It has come to my attention that codomain and range are actually different. From what I understand at this point, codomain is a kind of restriction on the range. Here's an example:

Let $f:x\mapsto\sin\left(\dfrac{\pi x}{2}\right) +1$, as shown in red:

If one wishes to restrict the domain, simply graph $f:[0,4]\rightarrow\Bbb R$ (as shown in blue):

Want to restrict the range, too? Go ahead and meddle with the codomain. Here's $f:[0,4]\rightarrow [0.25,1.75]$ in green: As of right now I'm confused as to whether or not you have to restrict the domain to exclude images of x that would be excluded anyways by restricting the codomain

Answer 1

One notation that I have seen is

$f([0, 4]) = [0, 2] $.

Answer 2

You are wrong when you say that $A$ must include some, but not all of $f$'s domain. The notation $f:A\to B$ is used to denote a function $f$ whose domain is exactly $A$, and whose codomain is exactly $B$. The notation makes no mention whatsoever of the function's range. To specify the range of a function is not the same as specifying the codomain of that function.

When it comes to precision, the notation $A\to B$ is meant to emphasize the domain and codomain of our function, and besides the most simple cases where it is obvious what the range of the function is, it is up to us to be explicit and identify the range of our function where it is necessary.

For a function $A\to B$ you could come up with another function $g:A\to\operatorname{range}f$ defined by $g(a) = f(a)$ for $a \in A$. This function has the same domain as $f$ and its codomain is equal to its range.

Answer 3

The Range of $f:A\to B$ is sometimes denoted $f(A)$. $f(A)$ is defined as $\{f(a) \ | \ a\in A\}$. A well-defined function (i.e. a function) satisfies $f(A)\subseteq B$.

Requiring a function be defined as $f: A\to f(A)$ is too constricting.
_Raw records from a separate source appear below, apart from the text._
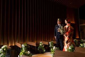 新郎様の職場の制服と色打掛を活かしたオリジナルの衣装に!
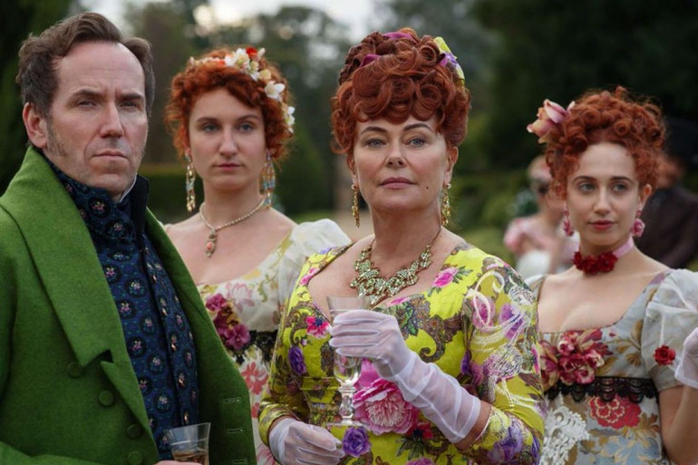 Manifestement fascinée par la papesse du genre, Jane Austen (une vraie Britannique qui a vécu la période de la Régence dont la haute société continue de nous fasciner aujourd'hui), Julia Quinn s'essaye à imiter le style de l'autrice d'Orgueil et Préjugés. On retrouve une famille nombreuse et riche dont les six enfants sont à marier. La vie sociale des Bridgerton est gérée par le fils aîné, Anthony, et la mère (et veuve) de la famille, Violet. Cette famille vit entre plusieurs résidences à Londres ou à la campagne et, cette année, une seule chose compte : marier l'aînée de la famille, Daphne (Phoebe Dynevor).
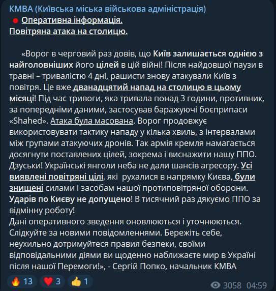 05.22 У Київській міській військовій адміністрації заявили про нічну масовану атаку «Шахідів» та про те, що всі цілі знищені.
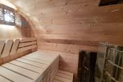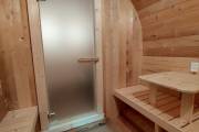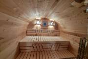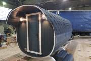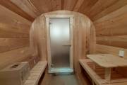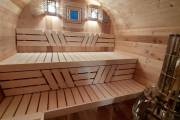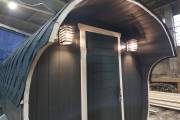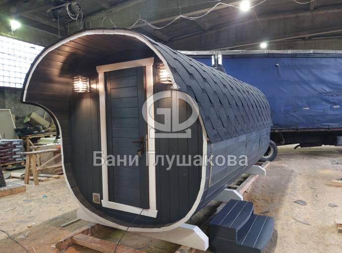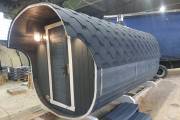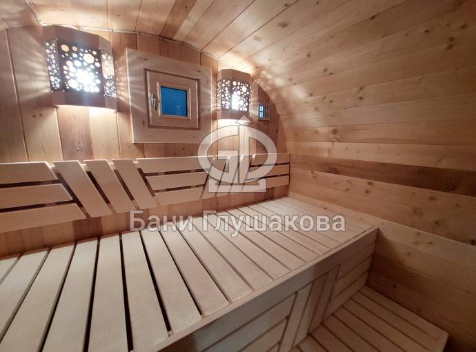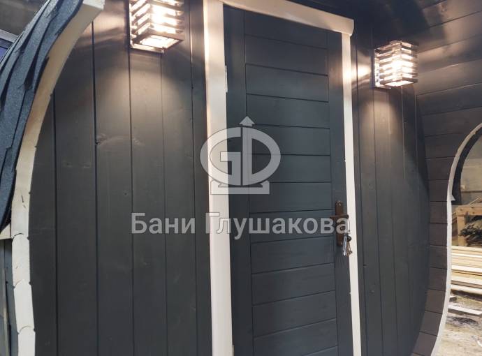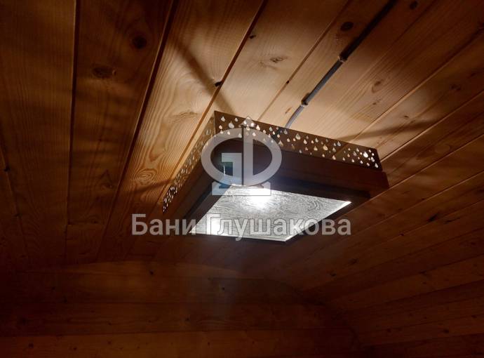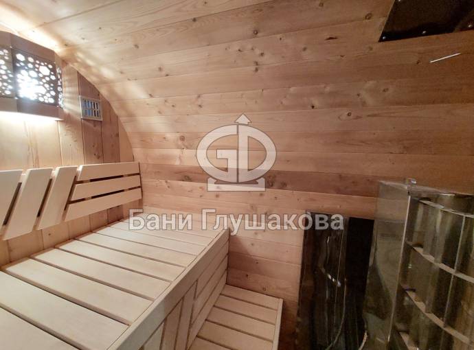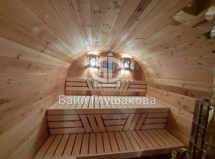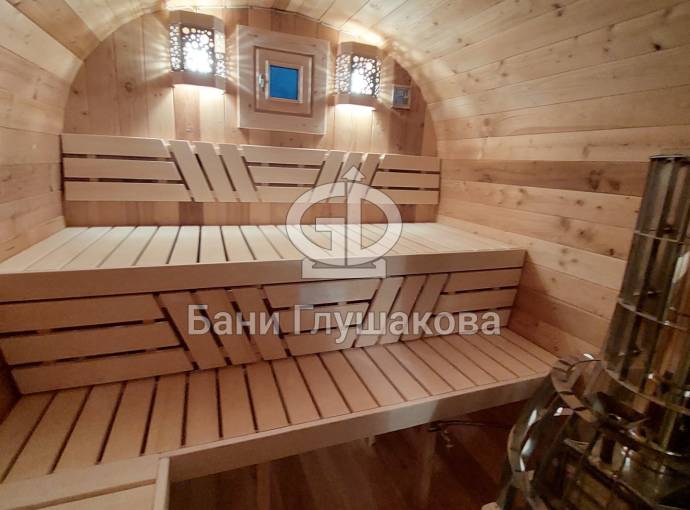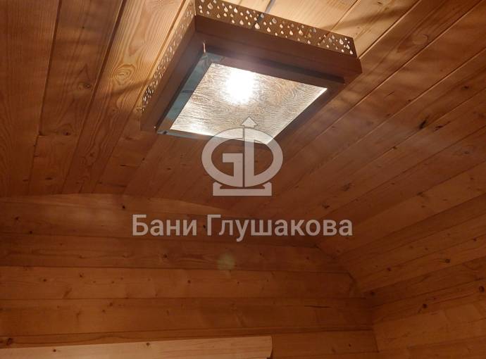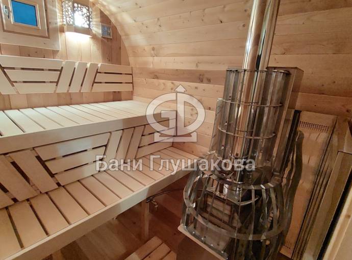 Это стандартный вариант на 2 помещения: предбанник и парная. В стоимость уже входит сборка, печь нашего производства с двумя каменками и парогенератором, электрика, металлические уличные светильники, ступеньки. Вокруг печи стоит металлический экран. Установлены металлические комплектующие из нержавейки: вентиляционные клапаны-задвижки, крепления для проводки, наличник на форточку и порожек между помещениями. Ступеньки тоже уже входят в стоимость.
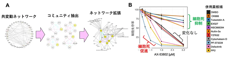 次に、薬剤が引き起こす多面的な細胞応答を一挙に捉えるネットワーク解析法の利点を活かし、併用薬ターゲットの体系的な探索を行いました。相関異常度により抽出されたタンパク質に加え、公共のタンパク間相互作用データベースBioGridを用いてネットワーク拡張を行うことで、より網羅性の高い併用薬候補分子の探索を行ったところ(図4A)、最も有望な候補としてリン酸化FAK、アクチン繊維、MDM2、Ezrin、Cortactinといったタンパク質が抽出されました。そこで、これらの分子の活性を変化させる薬剤をAX-53802と共に添加する実験を行った結果、GPX4とFAK経路の同時阻害によりがん細胞死が促進されることが判明しました(図4B)。一方で、MDM2阻害やEzrin 阻害、Cortactin脱アセチル化、そしてアクチン繊維の分岐を阻害する薬剤によりフェロトーシスが抑制されることが分かりました。以上のことから、併用薬ターゲット候補をネットワーク解析により体系的に抽出する手法の有用性が示されました。

While this defines in a sense the "best" restriction of any $f:A\to B$, sometimes the set $f(A)$ is unknowable or tedious to describe.

Take for example the function

$$f:\mathbb N\to \mathbb N, \ \ \ \ f(n) = \text{the $n^{th}$ largest prime number}$$

We don't have a formulaic way to describe $f(\mathbb N)$. $\mathbb N$ is simply a good choice for a codomain, rather than say $\mathbb Z$ or $[0,\infty)$ because the others are unncessarily large or complicated.

Answer 4

The set-theoretic def'n of a function $f:A\to B$ is that $f$ is a subset of the Cartesian product $A\times B$ such that $\forall x\in A\; \exists ! y\in B\; (\;(x,y)\in f).$ The notation $\exists !y$ means "there exists exactly one $y$" , also said "there exists, uniquely, $y$".

But if any $C$ satisfies $C\supset \{y:\exists x \;(\;(x,y)\in f\}$ then we can also write $f:A\to C.$ So the range $B$ is not uniquely defined.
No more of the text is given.